Rabat – French authorities have stripped a 20-year old French-Moroccan national of his French citizenship.
A French court sentenced 20-year old Faycal Ait Messaoud to four years in prison in March 2018 for attempting to travel to Syria only a few days after the Charlie Hebdo attacks in January 2015.
AFP quoted a judge, who said he gave Ait Messaoud a lighter sentence than the sentences given to the three other people who also attempted to reach Syria after the attacks.
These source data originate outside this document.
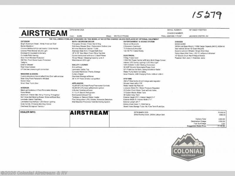 Request More Info on this 2026 Airstream Bambi 20FB Offered for sale by Colonial Airstream & RV
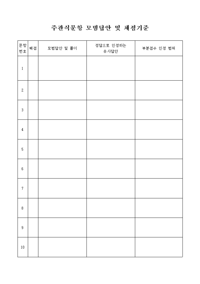 주관식문항 모범답안 및 채점기준
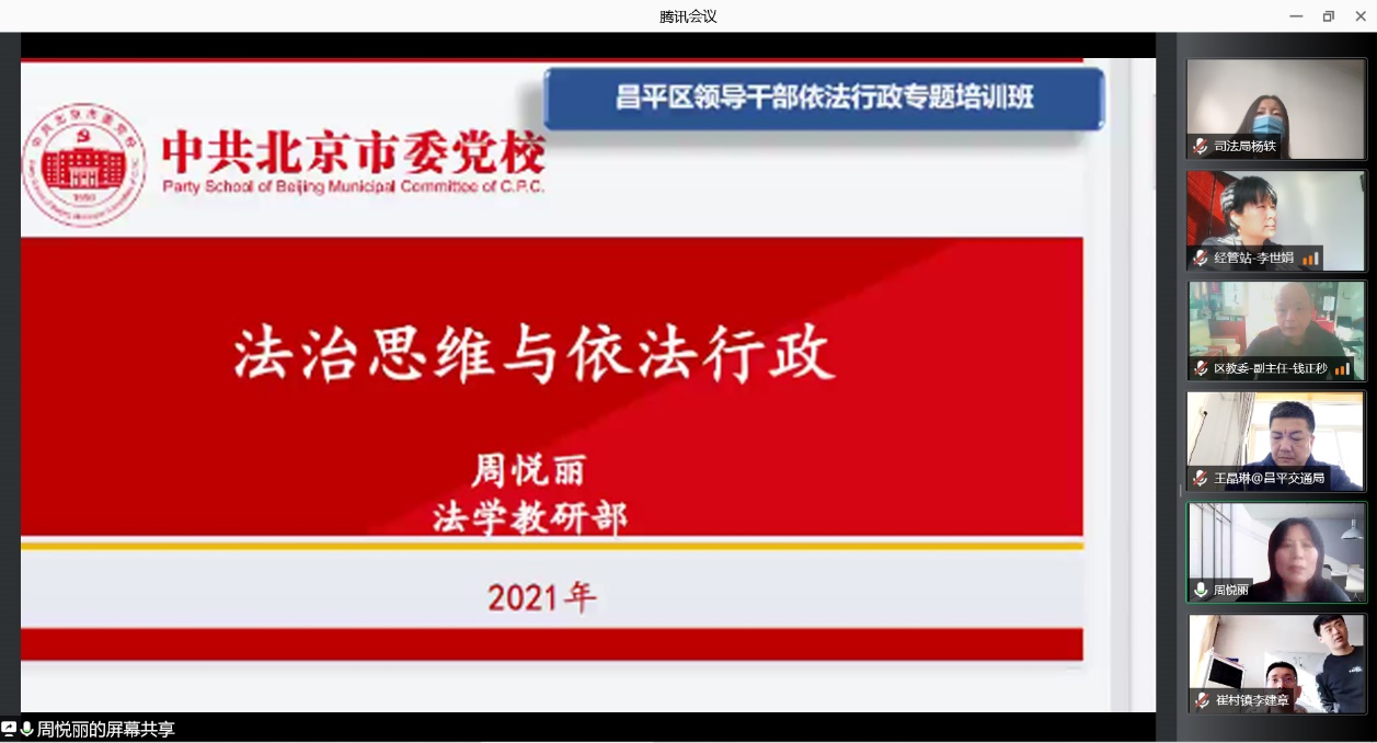 昌平区依法行政专题培训班已在我校连续举办三年,本期专题培训是顺应后疫情时代下的首次线上直播。开班前我校与昌平区司法局就线上直播的各个方面都进行了详细的考虑和安排,并组织了集中测试及培训说明会,确保线上直播效果。
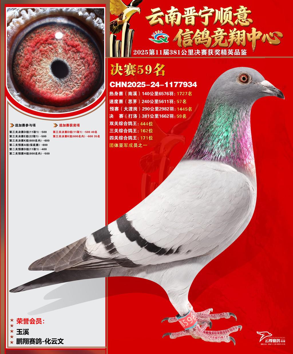 云南晋宁顺意信鸽竞翔中心2025决赛59名鹏翔赛鸽-化云文2025-24-1177934玉溪获奖鸽展示!
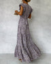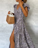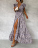 SPESIFIKASJONER Stil: Elegant, Fest Materiale: Bomullsblandinger Kjole type: A-line Kjolens lengde: Maxi Halslinje: V-hals Mønstertype: Trykt Ermetype: Volanger erme Erme lengde: Kort erme Detaljer: Snøre opp, Spalte Passform type: Vanlig Årstid: Vår, Sommer, Høst Anledning: Daglig, Parti Pakken inkluderer: 1 x Kjole STØRRELSESTABELL (cm) St...
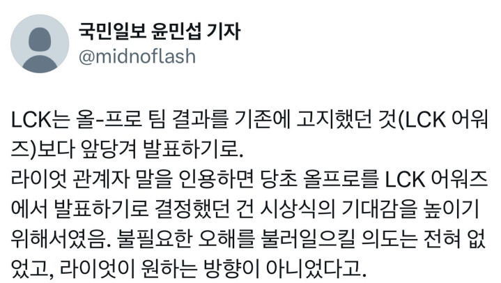虎扑09月02日讯虎扑09月2日讯韩媒国民日报记者在个人社媒爆料LCK计划提前公布年度相关奖项,原文内容翻译如下:
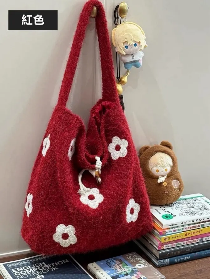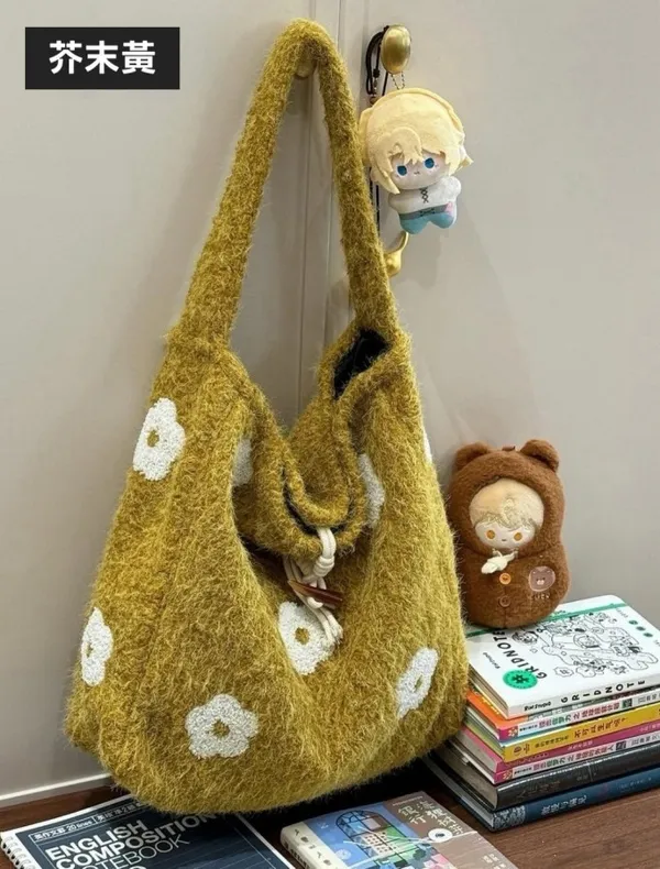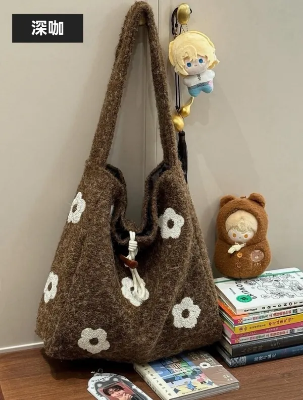 溫柔系羊毛氈花朵單肩包

The judge cited his “very young age at the time of the events” as justification for the lighter sentence.
The French Ministry of Interior said that it had stripped 16 people of French nationality since 2002 due to terrorism charges, including five in 2015.
French authorities have the right to deprive people of citizenship if they are dual nationals for specific reasons including treason and terrorism
This is not the first time that France has stripped a defendant of Moroccan origin of French nationality.
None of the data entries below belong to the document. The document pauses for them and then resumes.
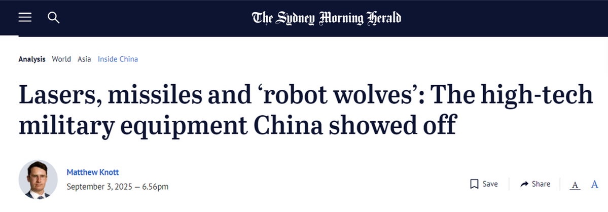 澳大利亚《悉尼先驱晨报》报道称,中国阅兵式上展示了弹道导弹、激光武器、战斗机、水下无人潜航器,甚至还有“机器狼”。
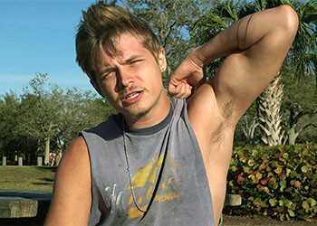 At Gemini, we think Link has some of the sexiest armpits we've ever seen and never miss an opportunity to photograph or shoot them much to his amusement. He has, in fact, sent a text message at 3 am consisting of a close up of his blonde furry pit! This video starts with him shaving his pits (ouch; he nicks himself!) and then documents the "reforestation". While it was a fun video to shoot, everyone was glad when he was back to his regular blonde thatch!
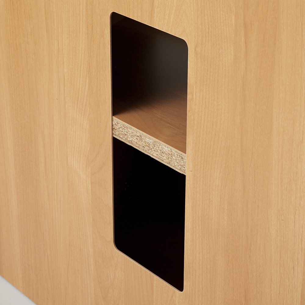 可動棚の付いたフラップ扉式のデッキ収納部。
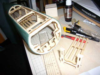 というわけで、早速自作します。3mmバルサでサクサクと、この時点では20g、案外軽く作れそうな気がしてきました。
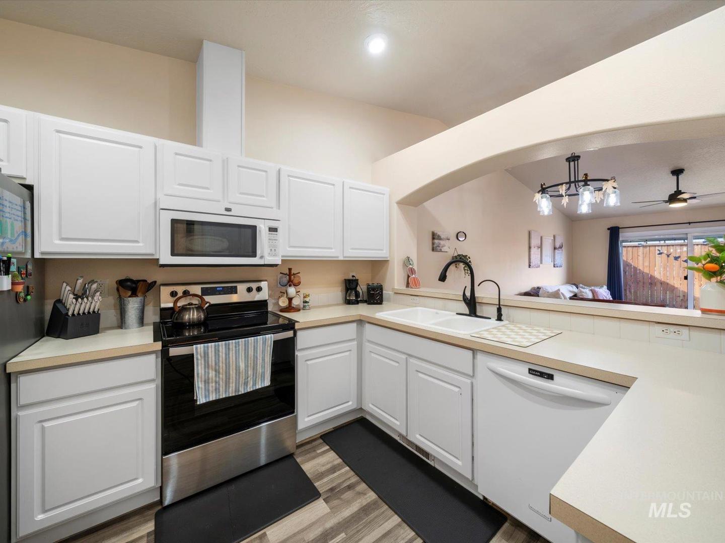 CAREFREE LIVING at its best! This charming townhome offers the perfect blend of comfort, convenience & low-maintenance living. Featuring all-new flooring, fresh paint & brand-new SS appliances, the home lives bright & open w/ thoughtfully refreshed systems—dishwasher, A/C & water heater new in 2020, plus new garage door, disposal. Enjoy year-round comfort w/ an air purifier & efficient layout that lives large. The 2nd bedroom doubles as an ideal guest room or office thanks to a built-in Murphy bed. Step outside to a relaxing backyard oasis—fully fenced for privacy w/ a covered patio & no backyard neighbors! HOA maintains landscaping, exterior & irrigation so you can simply move in & enjoy. Stroll to nearby amenities: grocery, gas, banks, restaurants, vet, optometrist, salons & primary medical care all within walking distance. Perfectly situated near the W Overland & S Five Mile corridor for shopping, dining & parks. Truly turnkey.

In June, French authorities stripped another Moroccan-French national of his French nationality for conspiring to join terrorists in Afghanistan. The dual national was sentenced to five years in prison in 2014.
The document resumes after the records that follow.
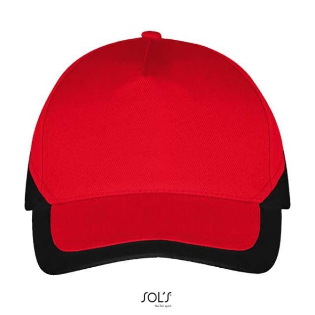 Quality;100% heavy brushed cotton;Style;5 panels;Preformed peak;4 embroidered ventilation eyelets;Adjustable back fastening with metal buckle;
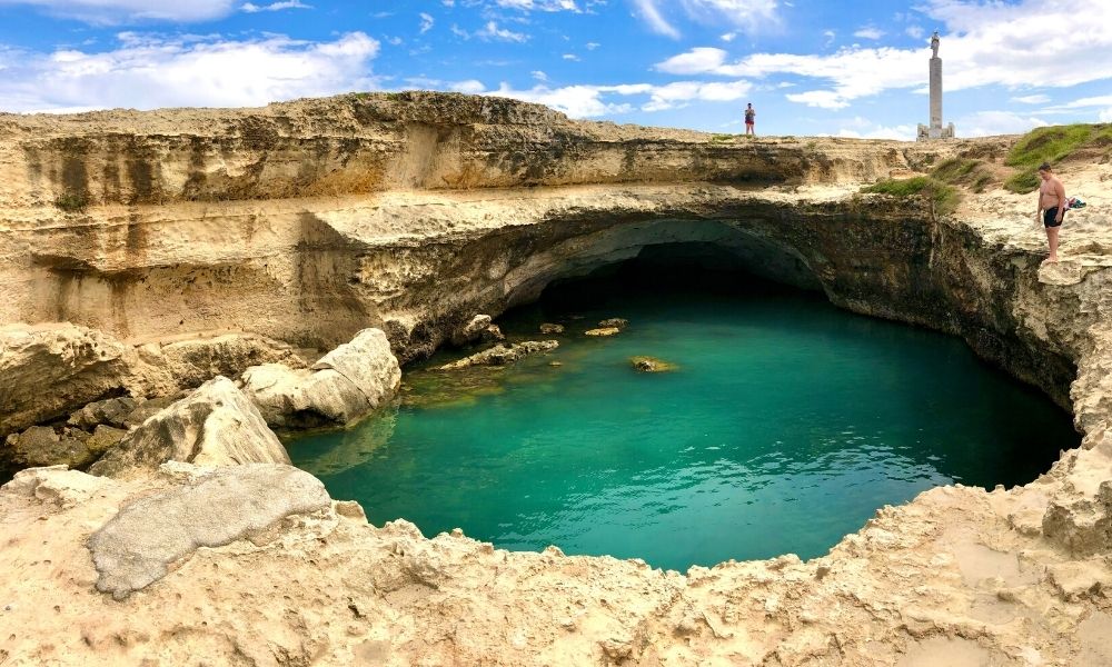 La Grotta della Poesia, non troppo distante da Otranto, è una piscina naturale tra le più famose del Salento ed è famosa perché qui storicamente si viene per fare il bagno e tuffi in questo foro scavato nella roccia. Inoltre la Grotta della Poesia è un luogo davvero speciale perché si trova proprio all’interno di un parco archeologico antichissimo dove è possibile scoprire la storia dell’antico popolo dei messapi che viveva in questa zona della Puglie. Essendo un parco archeologico, si paga un biglietto d’ingresso e per quanto ci sia un divieto di balneazione, moltissime persone fanno il bagno tutta l’estate o vengono qui anche solo per passeggiare durante la giornata. La Grotta della Poesia è un luogo davvero molto fragile, quindi se deciderai di vederlo, fai in modo da non lasciare traccia, non piantare ombrelloni e non introdurre nel parco il cibo. Inoltre, visto che è uno dei posti più visitati di tutto il Salento, abbiamo realizzato una guida per pianificare al meglio la tua visita alla Grotta della poesia.
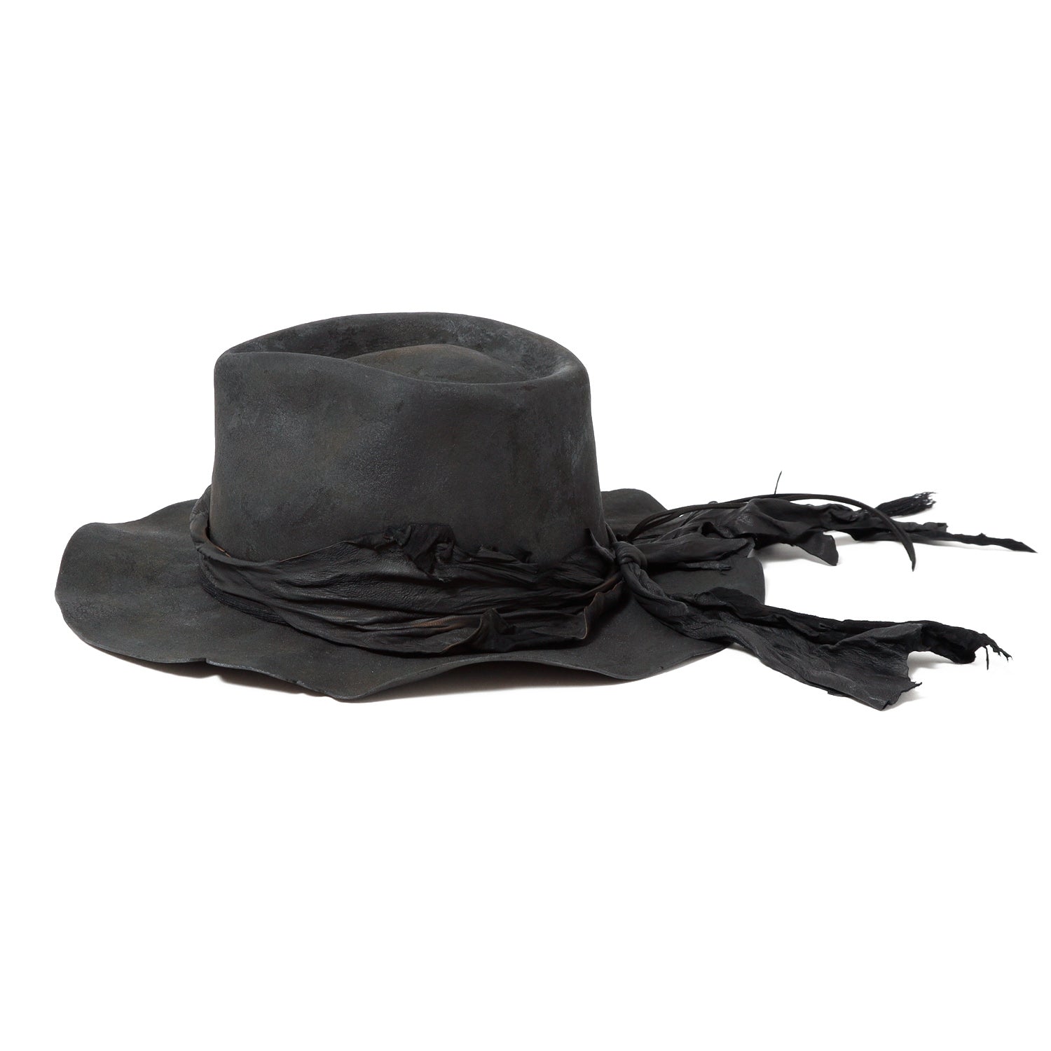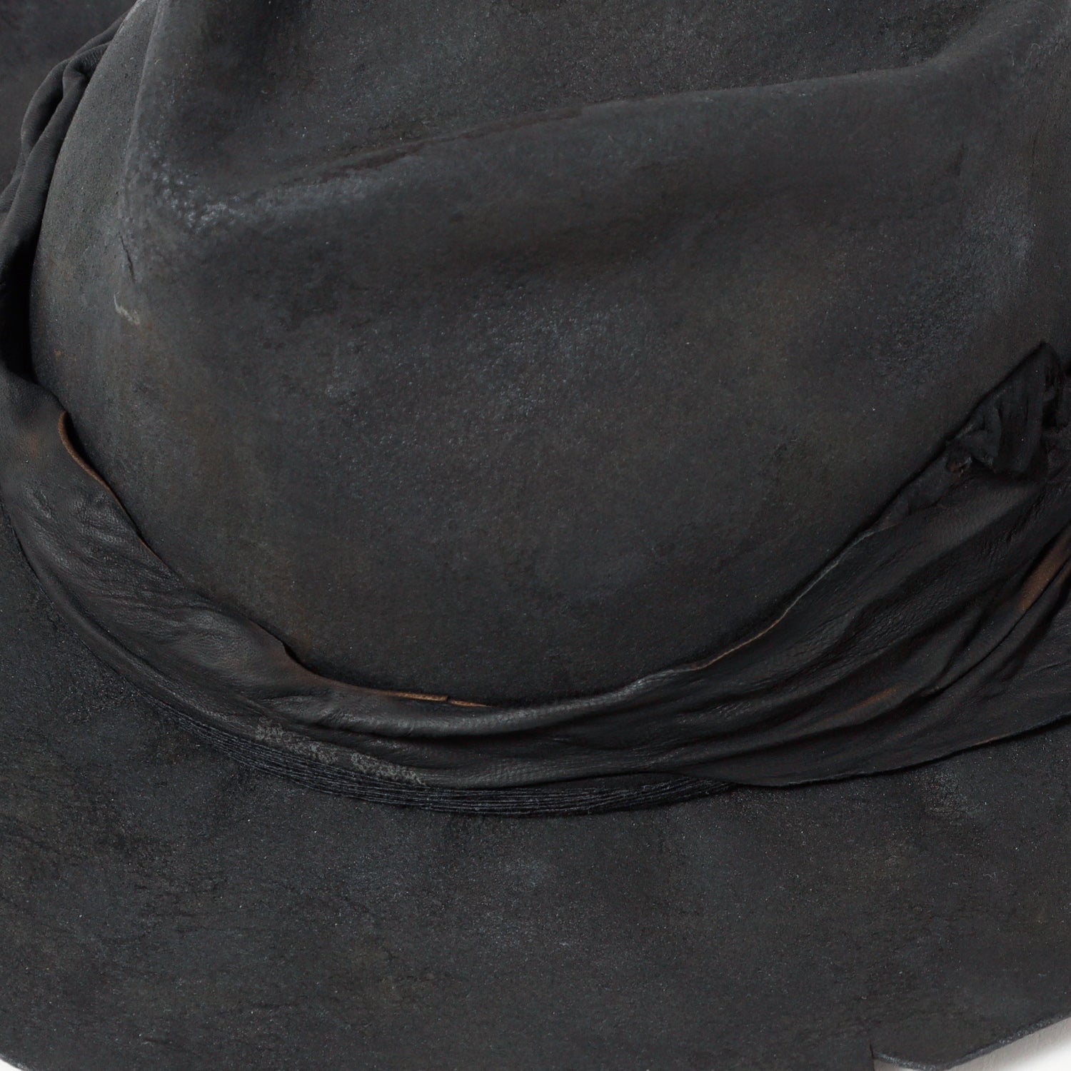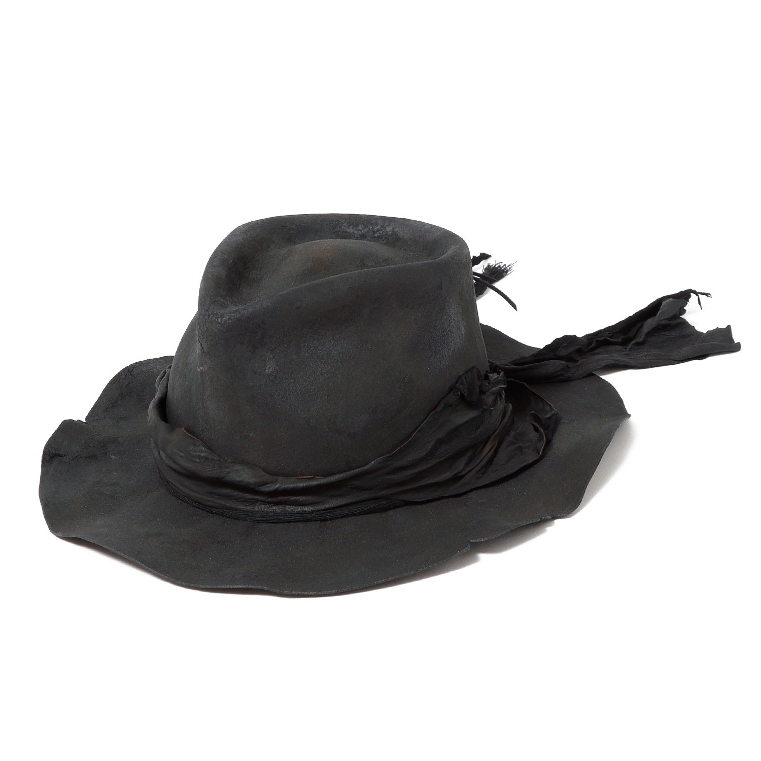 ラビット帽体を、炭のような雰囲気になるまでバーン加工した「charcoal」シリーズの中折れハット。

In February 2016, the English speaking magazine the Economist reported that France has “undertaken a raft of counter-terrorism measures” after the November 2017 attacks in Paris.
The website also said that many French citizens deplored French decision to strip dual citizens of French citizenship.
“Many French citizens with dual citizenship from North African countries sense that they—not Franco-Germans or Franco-Americans, say—are the only dual citizens that lawmakers really have in mind,” said the Economist.